__The problem__:
Skip the pictures and restate, word for word, the lines from the one containing "OYOANGLE Women's Y2K" to the end of the data below.

━━━━━ Available data

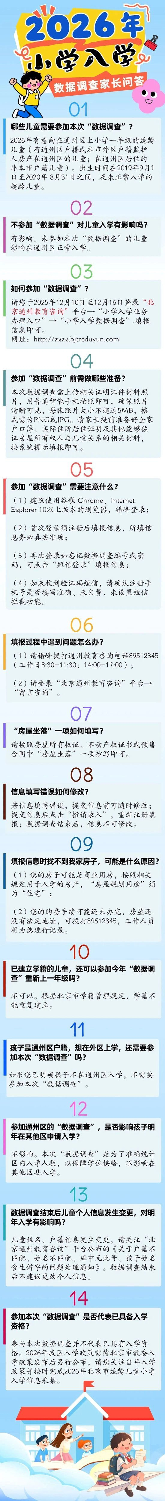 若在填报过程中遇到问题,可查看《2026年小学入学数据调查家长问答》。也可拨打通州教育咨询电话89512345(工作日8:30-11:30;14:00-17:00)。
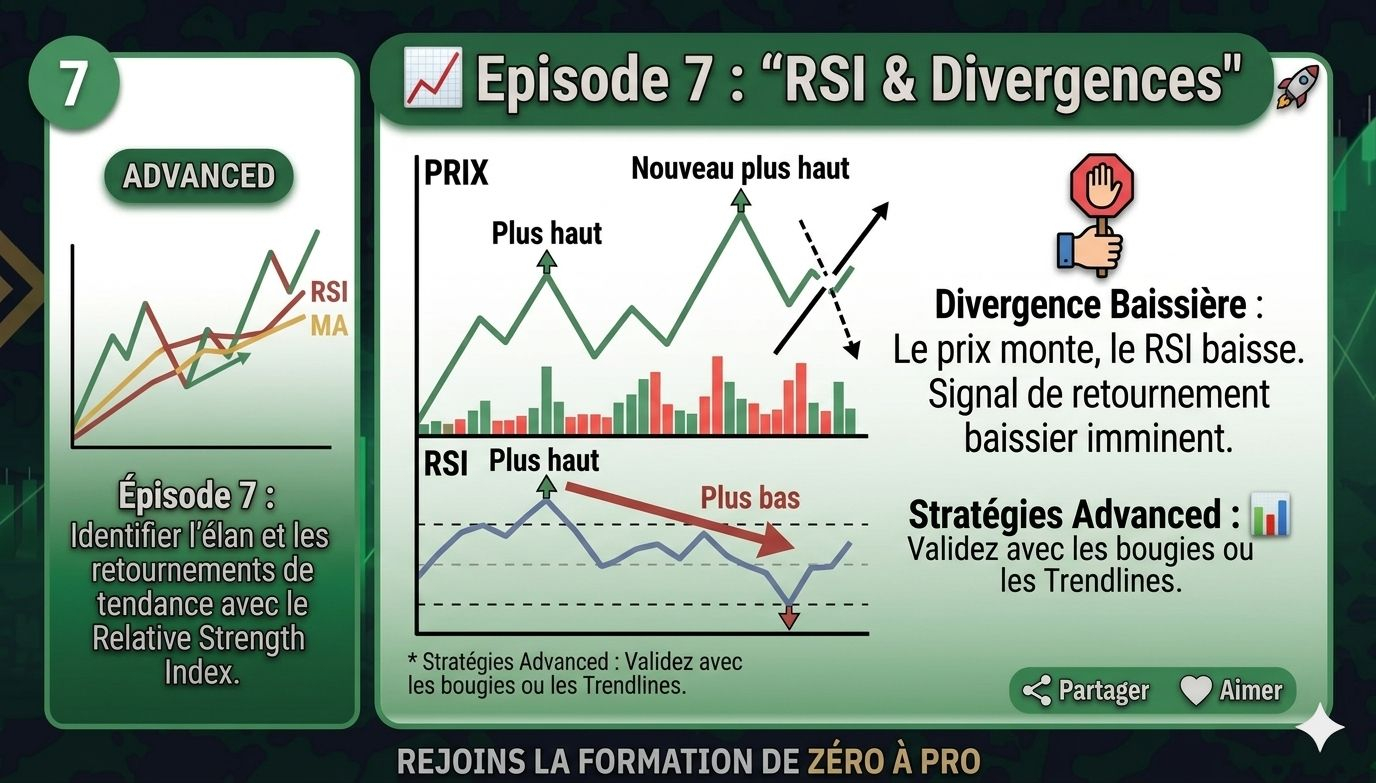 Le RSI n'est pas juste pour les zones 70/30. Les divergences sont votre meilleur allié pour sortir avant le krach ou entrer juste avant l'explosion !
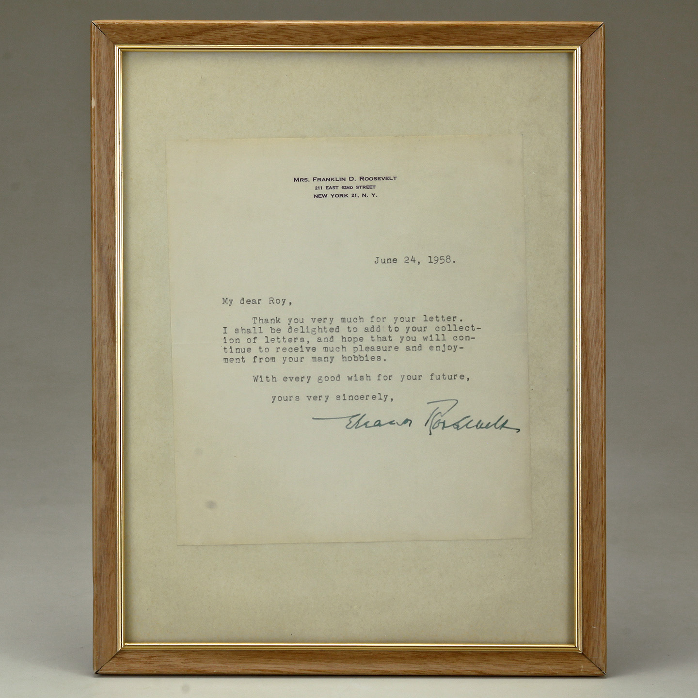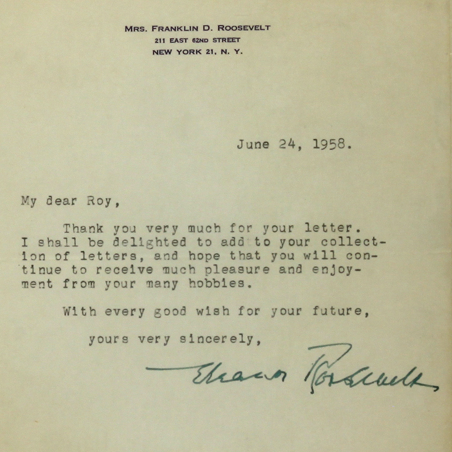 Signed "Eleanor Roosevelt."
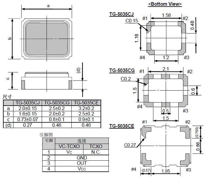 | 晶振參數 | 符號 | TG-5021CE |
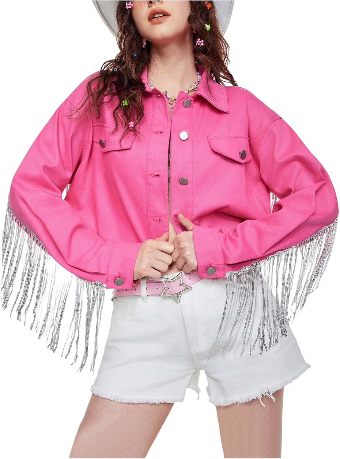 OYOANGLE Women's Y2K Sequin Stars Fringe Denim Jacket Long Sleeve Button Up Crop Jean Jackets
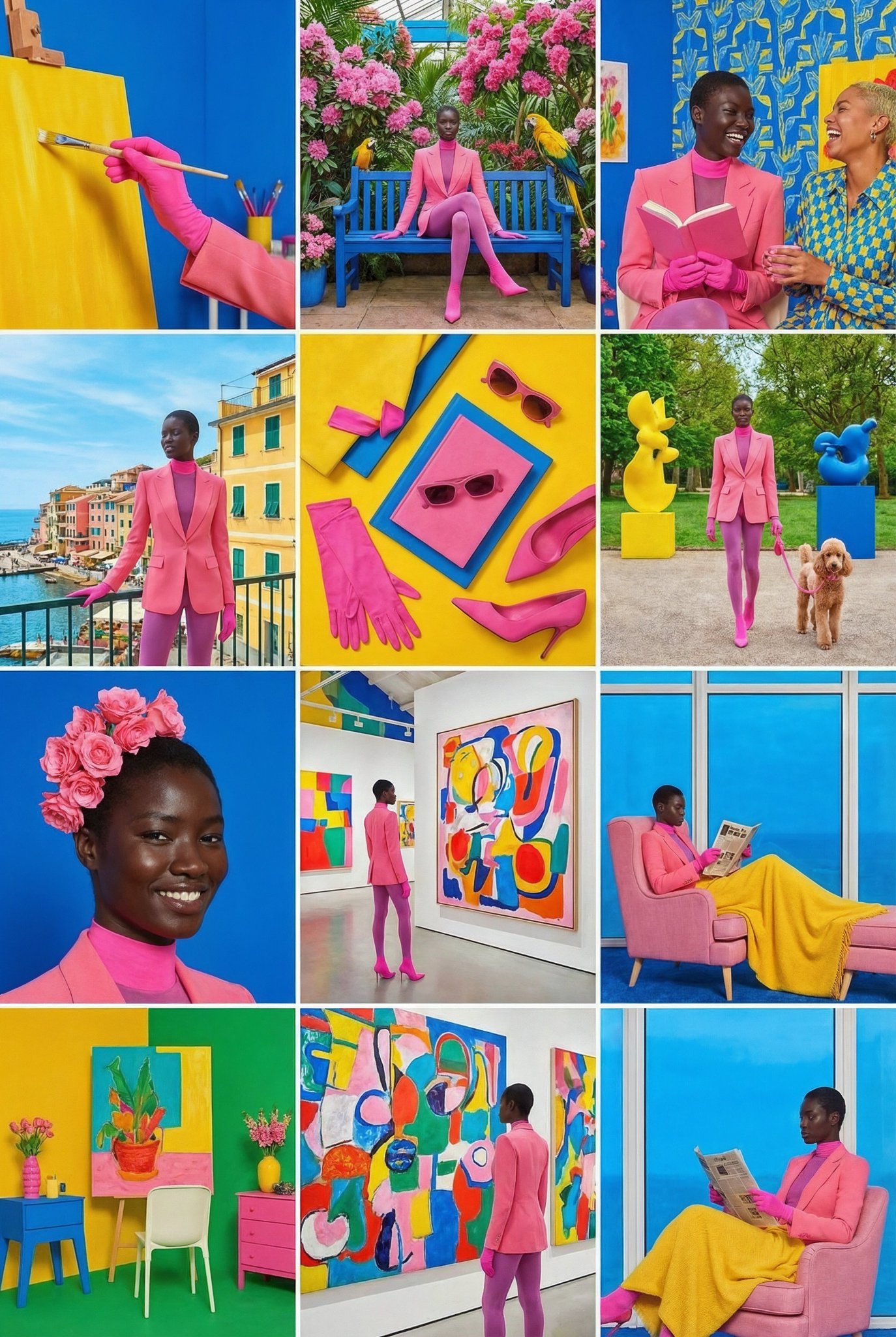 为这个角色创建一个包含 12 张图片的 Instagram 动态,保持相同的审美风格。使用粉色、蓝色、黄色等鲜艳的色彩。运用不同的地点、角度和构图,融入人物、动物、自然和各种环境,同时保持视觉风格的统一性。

━━━━━━━━━━

__Written response__:
 OYOANGLE Women's Y2K Sequin Stars Fringe Denim Jacket Long Sleeve Button Up Crop Jean Jackets
 为这个角色创建一个包含 12 张图片的 Instagram 动态,保持相同的审美风格。使用粉色、蓝色、黄色等鲜艳的色彩。运用不同的地点、角度和构图,融入人物、动物、自然和各种环境,同时保持视觉风格的统一性。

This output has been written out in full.